- Opening Delimiter -

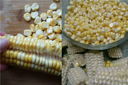 分成两半的玉米就比较容易剥,并且玉米粒也不容易破损,保持了玉米的完整度。当玉米全部都剥下来之后,就可以先用水清洗干净,然后放在碗里备用。同时,我们需要将榨汁机清洗干净,将榨汁机准备好之后,就可以将玉米粒倒入其中,这个时候不要急着加入水,因为我们可以用牛奶来代替水,并且牛奶会让玉米汁更加的香醇,口感更佳。
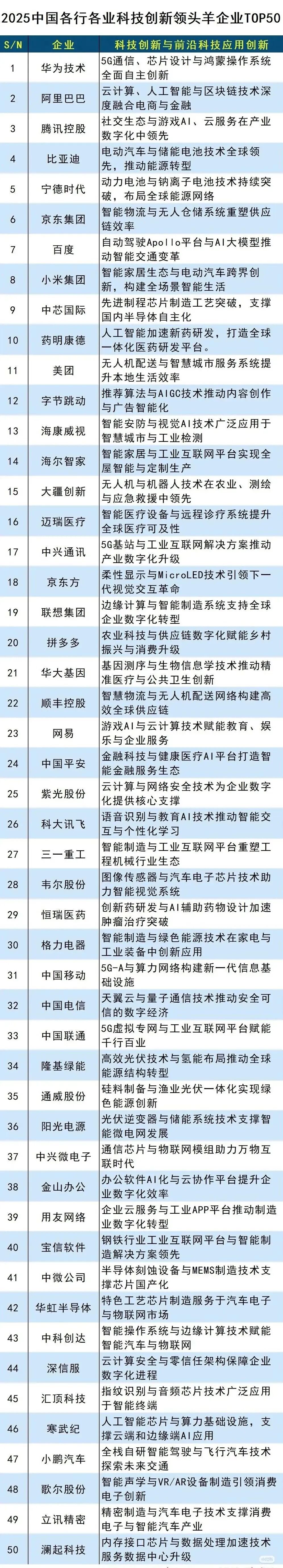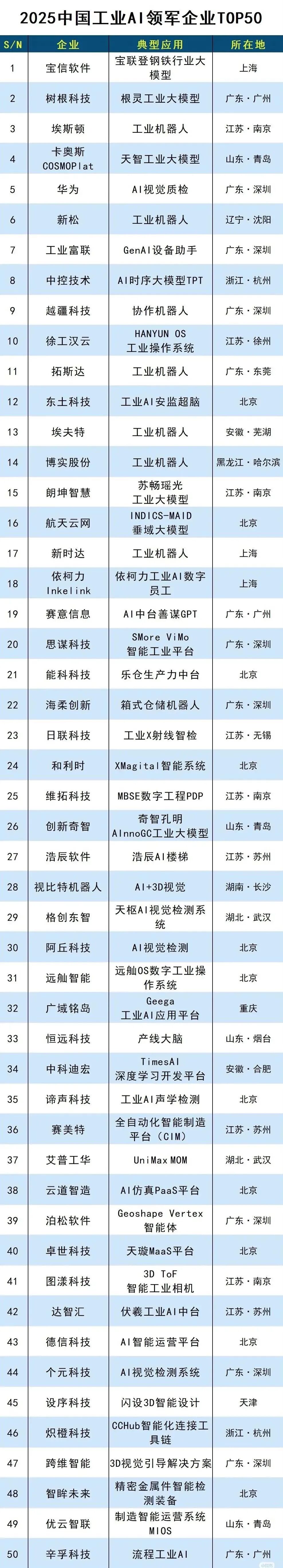 2025中国科创领头羊TOP50榜单显示,华为、阿里巴巴、腾讯等巨头持续领跑,在5G通信、云计算、人工智能等前沿领域深度布局。半导体、新能源、AI等硬核赛道成为创新主战场。比亚迪、宁德时代在新能源领域表现突出,中芯国际在芯片制造环节突破显著。创新正从消费互联网向产业互联网深化,工业场景成为新焦点。工业AI:智能制造核心引擎
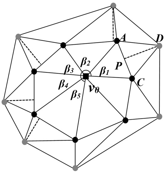 The second-ring neighboring points selected based on the aforementioned conditions are referred to as preliminary filtered points. An embedding unit can be formed by combining the base point, preliminary filtered points, and the two first-ring neighboring points connected to them. This unit comprises four vertices, creating two triangular facets. The base edge of these triangles is formed by connecting the two first-ring neighboring points, and the angle at the base point’s triangle is denoted as β. As depicted in Figure 4, the angle β falls within the range of . Considering the relatively limited occurrence of extreme values in the distribution of angle β, further refinement is conducted in the selection of filtering points. The points selected for filtering should correspond to β values within the range of , where “a” is slightly greater than 0 and significantly less than 1, while “b” is slightly less than 1 and notably greater than 0.
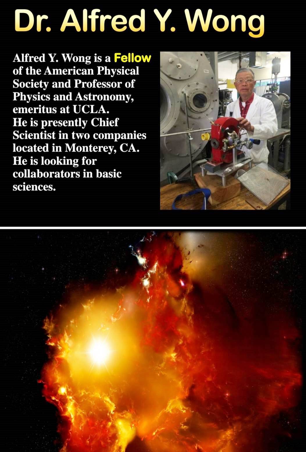 Alfred Y. Wong is a Fellow of the American Physical Society and Professor of Physics and Astronomy, emeritus at UCLA. He is presently Chief Scientist in two companies
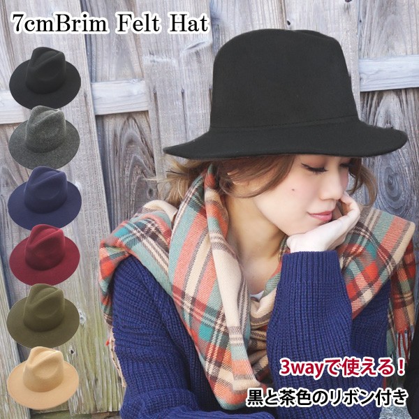 中折れハット つば広 レディース メンズ フェルト 帽子

- Closing Delimiter -

#### About this exercise
Would you write each entry out again exactly, omitting the images?

#### Response to this exercise
 分成两半的玉米就比较容易剥,并且玉米粒也不容易破损,保持了玉米的完整度。当玉米全部都剥下来之后,就可以先用水清洗干净,然后放在碗里备用。同时,我们需要将榨汁机清洗干净,将榨汁机准备好之后,就可以将玉米粒倒入其中,这个时候不要急着加入水,因为我们可以用牛奶来代替水,并且牛奶会让玉米汁更加的香醇,口感更佳。
 2025中国科创领头羊TOP50榜单显示,华为、阿里巴巴、腾讯等巨头持续领跑,在5G通信、云计算、人工智能等前沿领域深度布局。半导体、新能源、AI等硬核赛道成为创新主战场。比亚迪、宁德时代在新能源领域表现突出,中芯国际在芯片制造环节突破显著。创新正从消费互联网向产业互联网深化,工业场景成为新焦点。工业AI:智能制造核心引擎
 The second-ring neighboring points selected based on the aforementioned conditions are referred to as preliminary filtered points. An embedding unit can be formed by combining the base point, preliminary filtered points, and the two first-ring neighboring points connected to them. This unit comprises four vertices, creating two triangular facets. The base edge of these triangles is formed by connecting the two first-ring neighboring points, and the angle at the base point’s triangle is denoted as β. As depicted in Figure 4, the angle β falls within the range of . Considering the relatively limited occurrence of extreme values in the distribution of angle β, further refinement is conducted in the selection of filtering points. The points selected for filtering should correspond to β values within the range of , where “a” is slightly greater than 0 and significantly less than 1, while “b” is slightly less than 1 and notably greater than 0.
 Alfred Y. Wong is a Fellow of the American Physical Society and Professor of Physics and Astronomy, emeritus at UCLA. He is presently Chief Scientist in two companies
 中折れハット つば広 レディース メンズ フェルト 帽子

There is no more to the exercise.